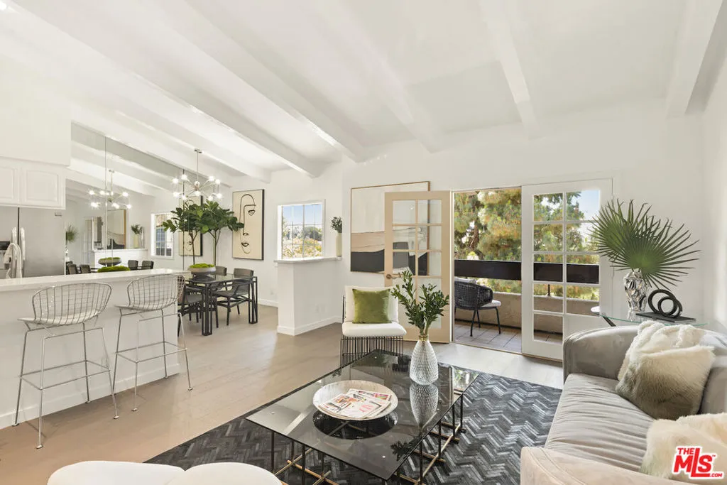 With sweeping views of the enchanting Hollywood Hills, this top-floor 2BD/2BA condo is a rare retreat where golden-hour sunsets and treetop vistas set the stage for everyday canyon magic. Inside, soaring vaulted ceilings and southwest light create an airy, expansive feel. The balcony off the living room with french doors faces westward to enjoy daily sunsets and treetop views. Stylishly remodeled throughout, the home features wide-plank hardwood floors, designer lighting, and a sleek open-concept kitchen with stainless steel appliances against a backdrop of glamorous Milan white quartz counters with a continuous backsplash — an ultra-elegant yet highly functional design. The primary suite offers spa-like comfort with a deep soaking tub, oversized shower, bidet and refined finishes. A whimsical upstairs loft once curated as a Moroccan-style lounge adds an unexpected escape and can be easily reimagined as a meditation area, reading nook, or nap space. Life at the Cahuenga Hills Tennis Club is resort-style and serene. This guard-gated community spans 15 lush acres and offers three tennis courts, two swimming pools and spas, a modernized gym with top-tier equipment, saunas, clubhouses, sun decks, private hiking trails around Lake Hollywood, dog parks, and plentiful guest parking. Perfectly positioned just minutes from the Hollywood Bowl, Studio City, Los Feliz and LA’s most iconic shops and restaurants, this home is as connected as it is private. Added conveniences include a washer dryer in-unit, double paned windows, and newer HVAC. See HOA coverage in Agent Remarks. Come see this beauty and experience Hollywood Hills living.
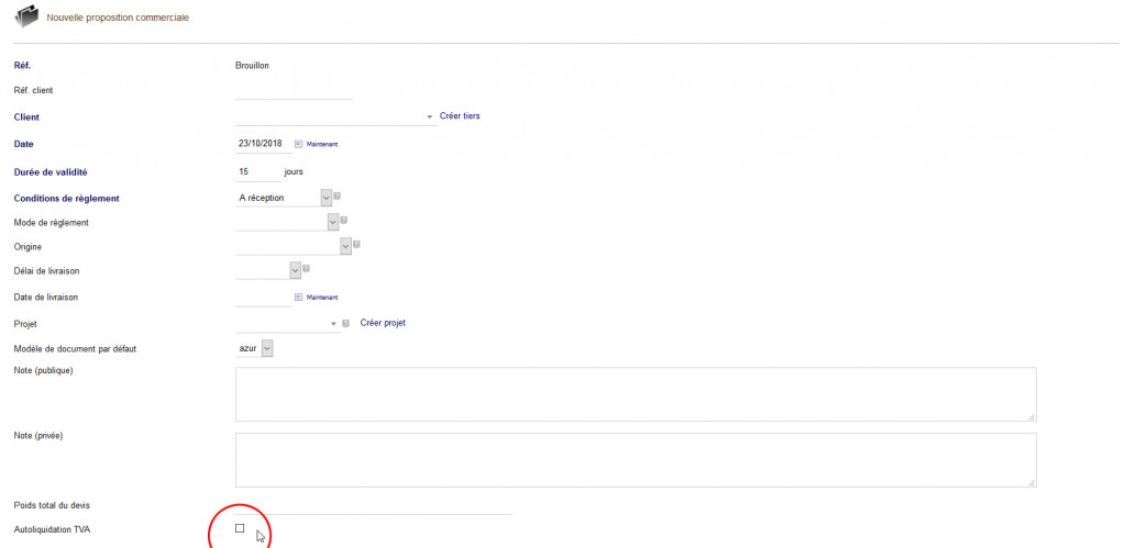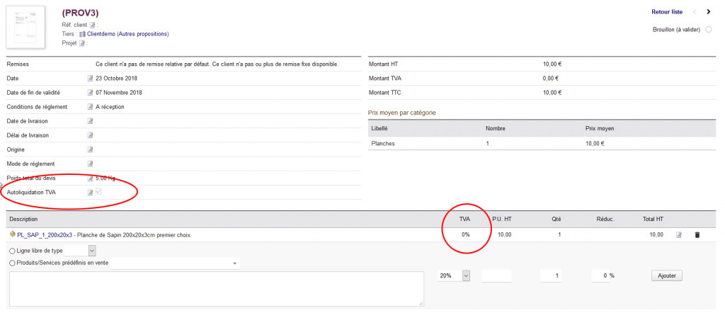 • Le module dolibarr « Autoliquidation de la TVA » vous permet d’ajouter facilement sur vos devis et vos factures les mentions obligatoires et relatives à la sous traitance. • Le taux de TVA des produits et des services ajoutés passe automatiquement à 0%. • Module compatible avec la majorité des modèles de documents devis et factures de dolibarr
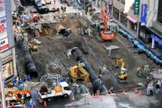 縦横およそ30メートルにわたって大規模に陥没したのは先週の8日(火)、下水管が破裂し水道やガスなどすべてのライフラインが寸断されるほどの大事故でした。
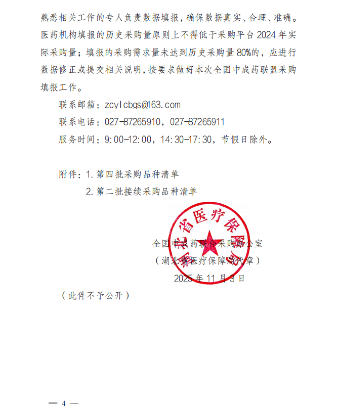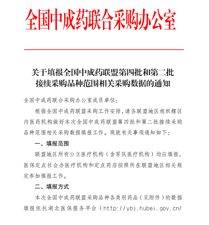 【国家】关于填报全国中成药联盟第四批和第二批接续采购品种范围相关采购数据的通知

| Your goal |
Retype the listing above exactly. Pictures are not part of the copy.

| Reply to the exercise |
 With sweeping views of the enchanting Hollywood Hills, this top-floor 2BD/2BA condo is a rare retreat where golden-hour sunsets and treetop vistas set the stage for everyday canyon magic. Inside, soaring vaulted ceilings and southwest light create an airy, expansive feel. The balcony off the living room with french doors faces westward to enjoy daily sunsets and treetop views. Stylishly remodeled throughout, the home features wide-plank hardwood floors, designer lighting, and a sleek open-concept kitchen with stainless steel appliances against a backdrop of glamorous Milan white quartz counters with a continuous backsplash — an ultra-elegant yet highly functional design. The primary suite offers spa-like comfort with a deep soaking tub, oversized shower, bidet and refined finishes. A whimsical upstairs loft once curated as a Moroccan-style lounge adds an unexpected escape and can be easily reimagined as a meditation area, reading nook, or nap space. Life at the Cahuenga Hills Tennis Club is resort-style and serene. This guard-gated community spans 15 lush acres and offers three tennis courts, two swimming pools and spas, a modernized gym with top-tier equipment, saunas, clubhouses, sun decks, private hiking trails around Lake Hollywood, dog parks, and plentiful guest parking. Perfectly positioned just minutes from the Hollywood Bowl, Studio City, Los Feliz and LA’s most iconic shops and restaurants, this home is as connected as it is private. Added conveniences include a washer dryer in-unit, double paned windows, and newer HVAC. See HOA coverage in Agent Remarks. Come see this beauty and experience Hollywood Hills living.
 • Le module dolibarr « Autoliquidation de la TVA » vous permet d’ajouter facilement sur vos devis et vos factures les mentions obligatoires et relatives à la sous traitance. • Le taux de TVA des produits et des services ajoutés passe automatiquement à 0%. • Module compatible avec la majorité des modèles de documents devis et factures de dolibarr
 縦横およそ30メートルにわたって大規模に陥没したのは先週の8日(火)、下水管が破裂し水道やガスなどすべてのライフラインが寸断されるほどの大事故でした。
 【国家】关于填报全国中成药联盟第四批和第二批接续采购品种范围相关采购数据的通知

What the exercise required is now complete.